• TRY IT:
All of the records should be reproduced word for word, but no images may appear in the copy.

[[ RECORDS PROVIDED open ]]

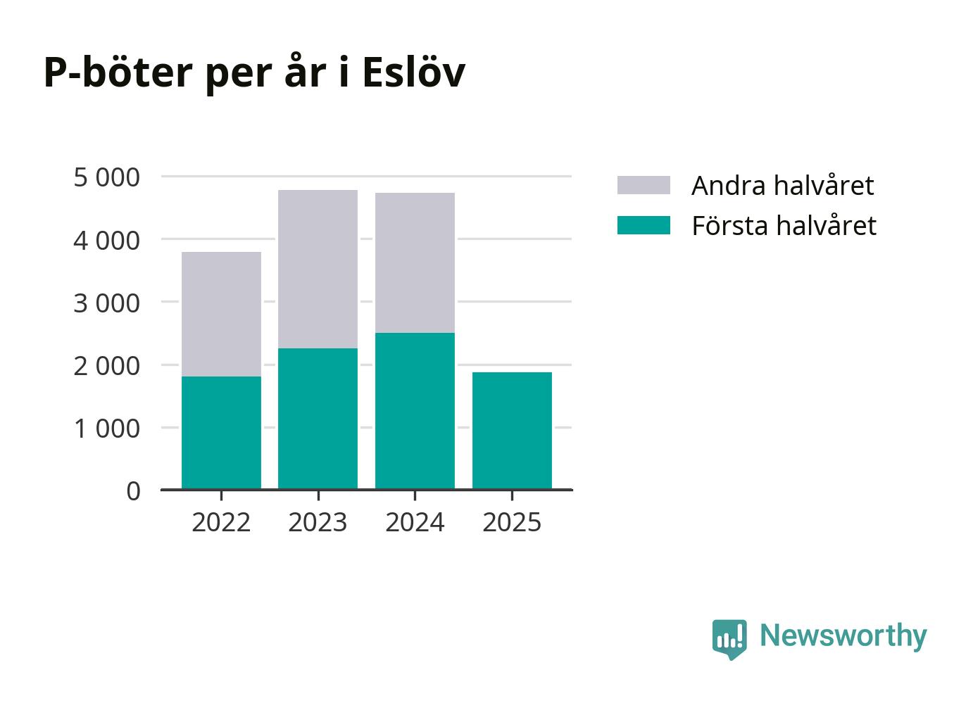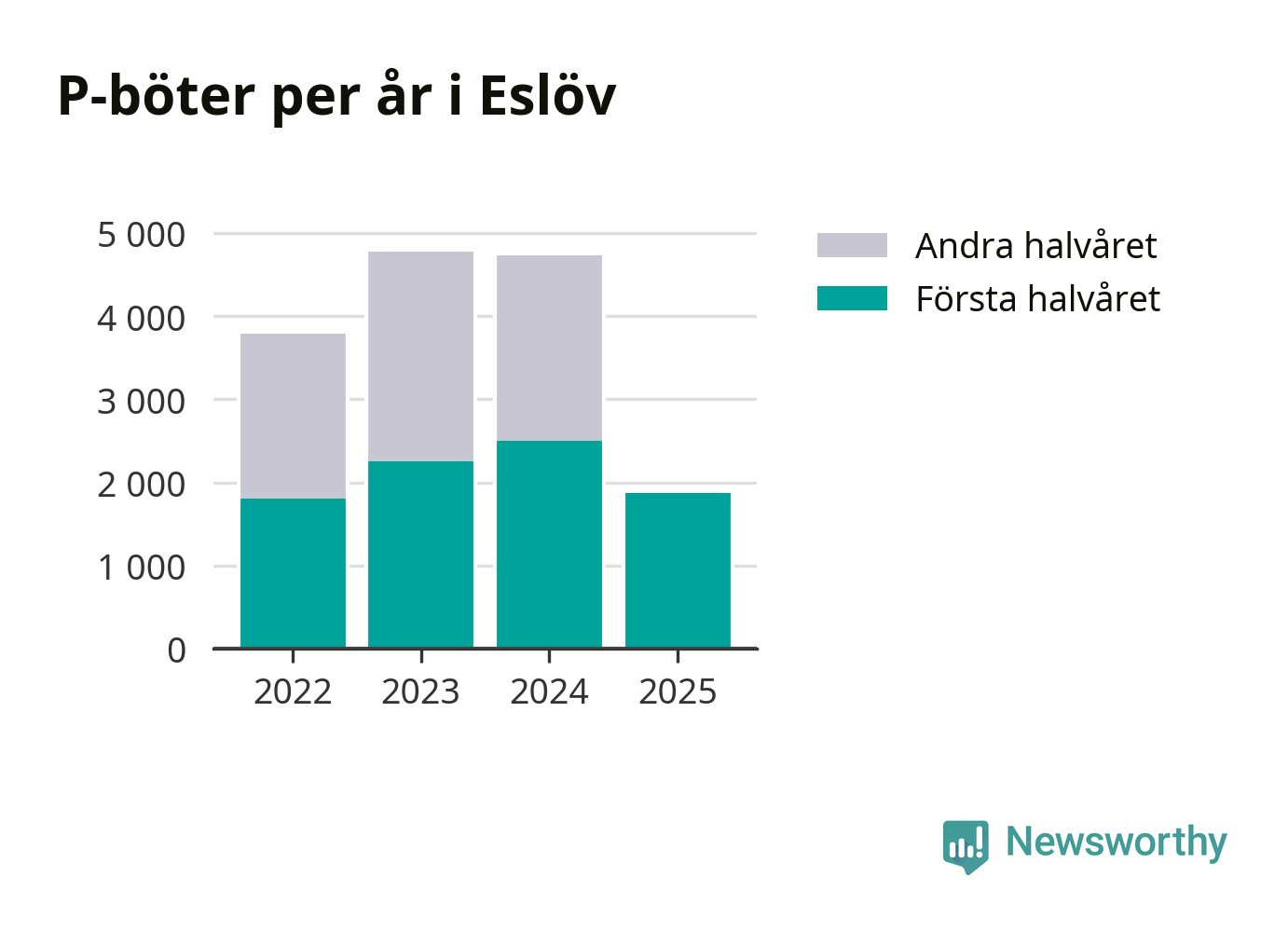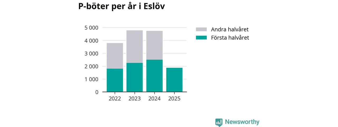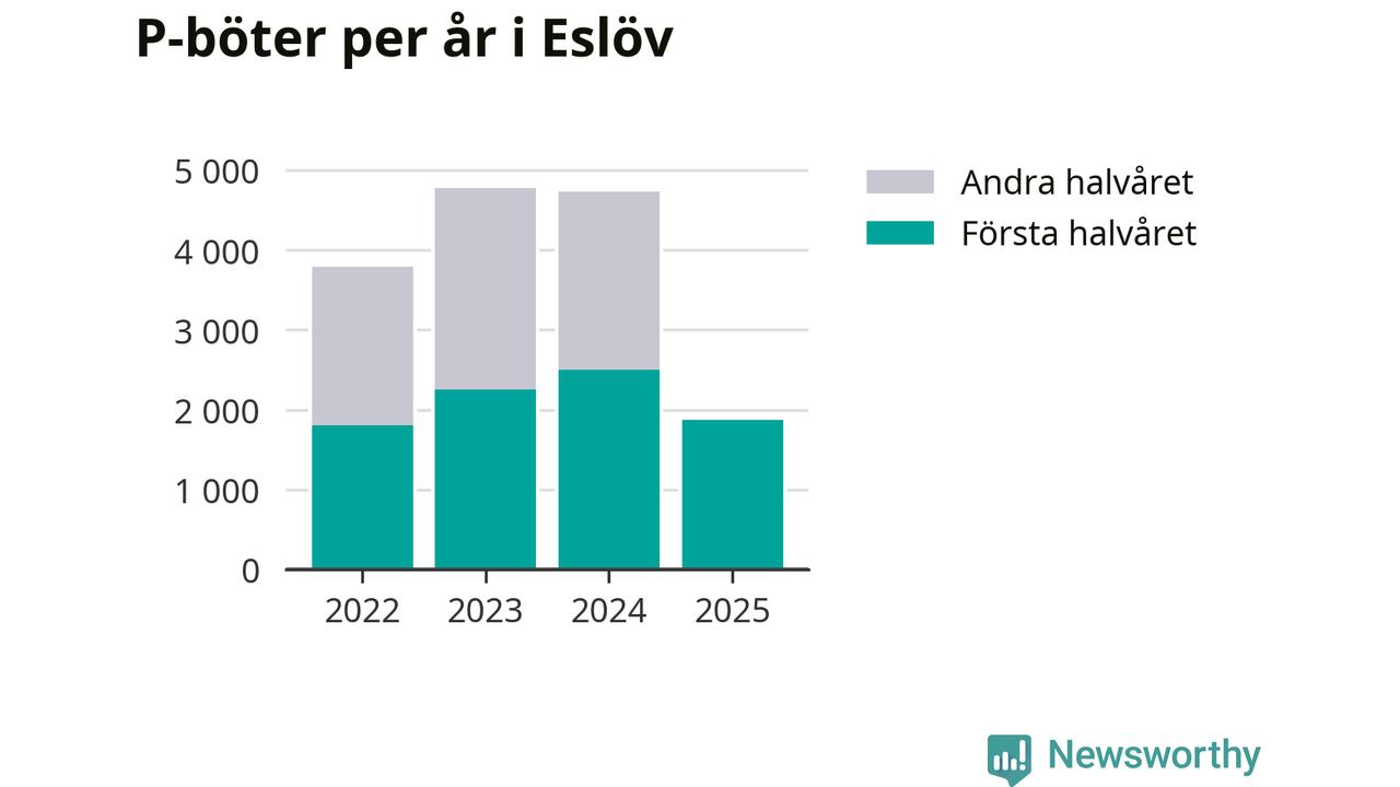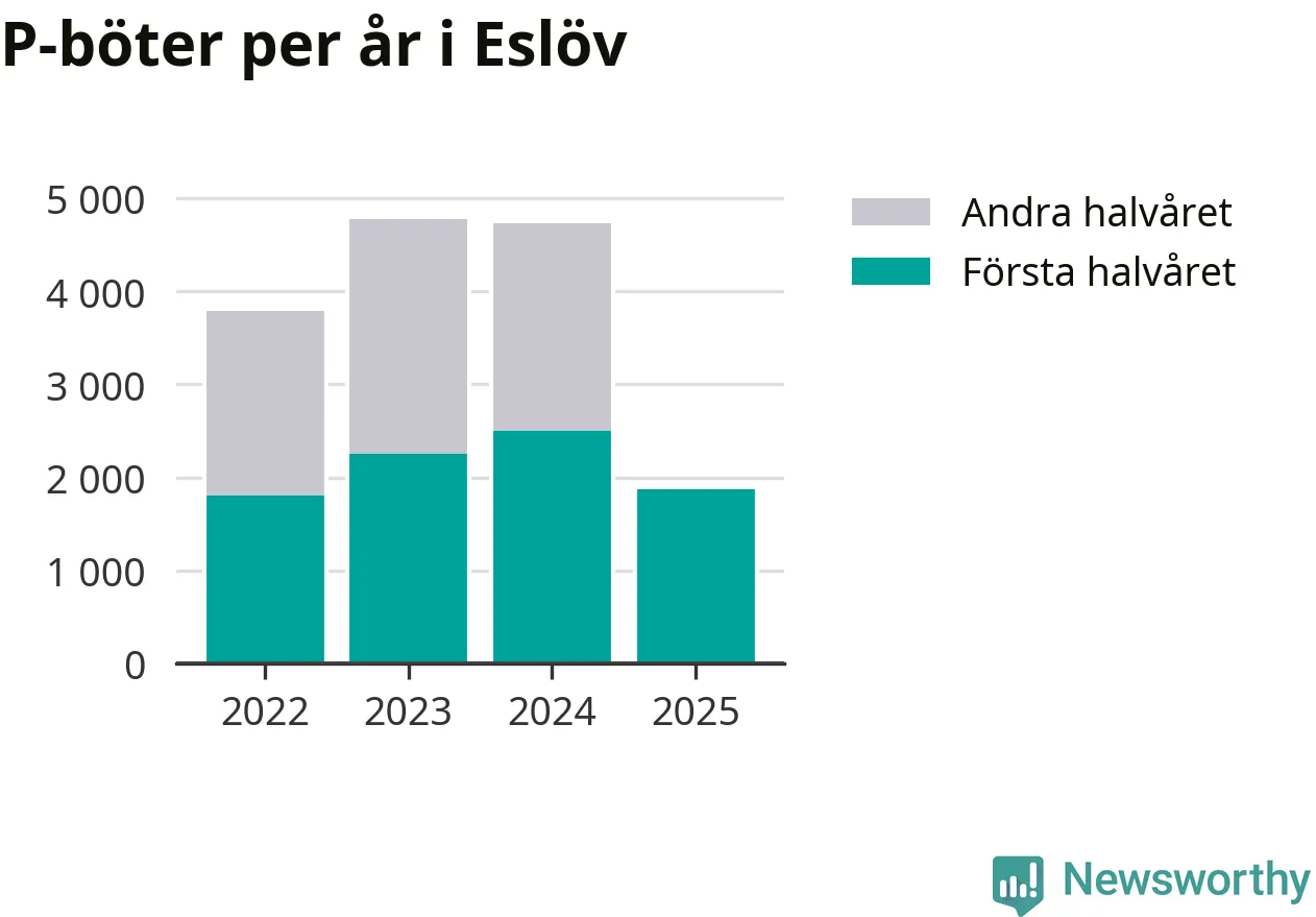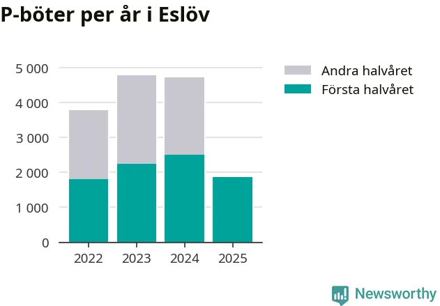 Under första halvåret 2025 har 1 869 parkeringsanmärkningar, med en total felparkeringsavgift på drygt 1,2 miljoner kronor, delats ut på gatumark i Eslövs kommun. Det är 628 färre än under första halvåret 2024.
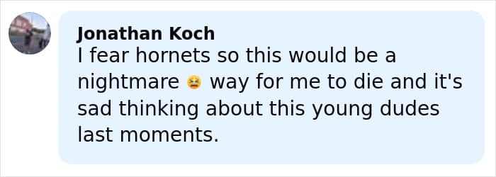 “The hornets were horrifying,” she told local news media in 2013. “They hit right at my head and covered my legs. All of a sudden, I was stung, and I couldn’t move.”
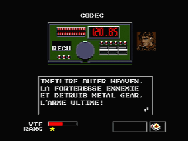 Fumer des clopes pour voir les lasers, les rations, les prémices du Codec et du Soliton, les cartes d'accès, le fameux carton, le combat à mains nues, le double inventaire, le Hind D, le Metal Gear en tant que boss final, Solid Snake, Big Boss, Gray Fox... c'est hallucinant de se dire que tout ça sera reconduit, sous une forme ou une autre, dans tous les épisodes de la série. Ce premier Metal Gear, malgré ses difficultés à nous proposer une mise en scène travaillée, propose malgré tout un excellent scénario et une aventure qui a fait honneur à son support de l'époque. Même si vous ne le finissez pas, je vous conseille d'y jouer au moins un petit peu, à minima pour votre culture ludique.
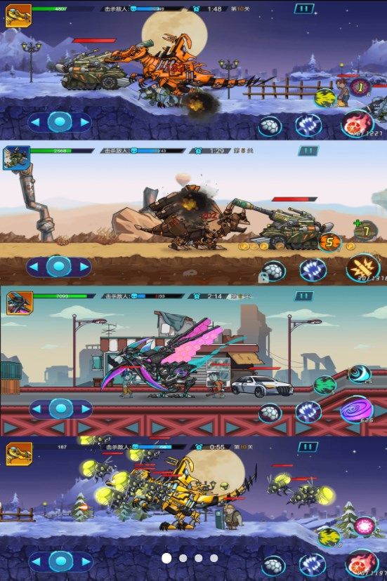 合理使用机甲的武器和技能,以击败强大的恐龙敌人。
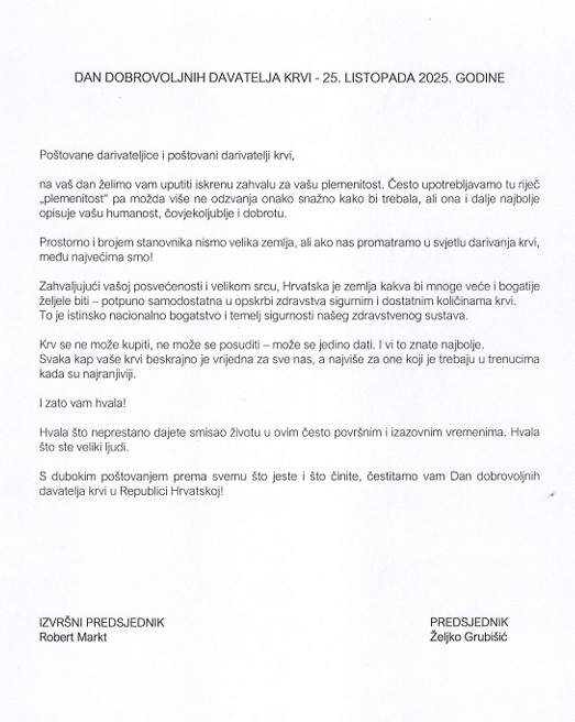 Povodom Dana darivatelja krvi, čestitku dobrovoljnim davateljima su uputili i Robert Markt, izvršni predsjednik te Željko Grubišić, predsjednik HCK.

[[ RECORDS PROVIDED closed ]]

• COMPLETED EXERCISE:
 Under första halvåret 2025 har 1 869 parkeringsanmärkningar, med en total felparkeringsavgift på drygt 1,2 miljoner kronor, delats ut på gatumark i Eslövs kommun. Det är 628 färre än under första halvåret 2024.
 “The hornets were horrifying,” she told local news media in 2013. “They hit right at my head and covered my legs. All of a sudden, I was stung, and I couldn’t move.”
 Fumer des clopes pour voir les lasers, les rations, les prémices du Codec et du Soliton, les cartes d'accès, le fameux carton, le combat à mains nues, le double inventaire, le Hind D, le Metal Gear en tant que boss final, Solid Snake, Big Boss, Gray Fox... c'est hallucinant de se dire que tout ça sera reconduit, sous une forme ou une autre, dans tous les épisodes de la série. Ce premier Metal Gear, malgré ses difficultés à nous proposer une mise en scène travaillée, propose malgré tout un excellent scénario et une aventure qui a fait honneur à son support de l'époque. Même si vous ne le finissez pas, je vous conseille d'y jouer au moins un petit peu, à minima pour votre culture ludique.
 合理使用机甲的武器和技能,以击败强大的恐龙敌人。
 Povodom Dana darivatelja krvi, čestitku dobrovoljnim davateljima su uputili i Robert Markt, izvršni predsjednik te Željko Grubišić, predsjednik HCK.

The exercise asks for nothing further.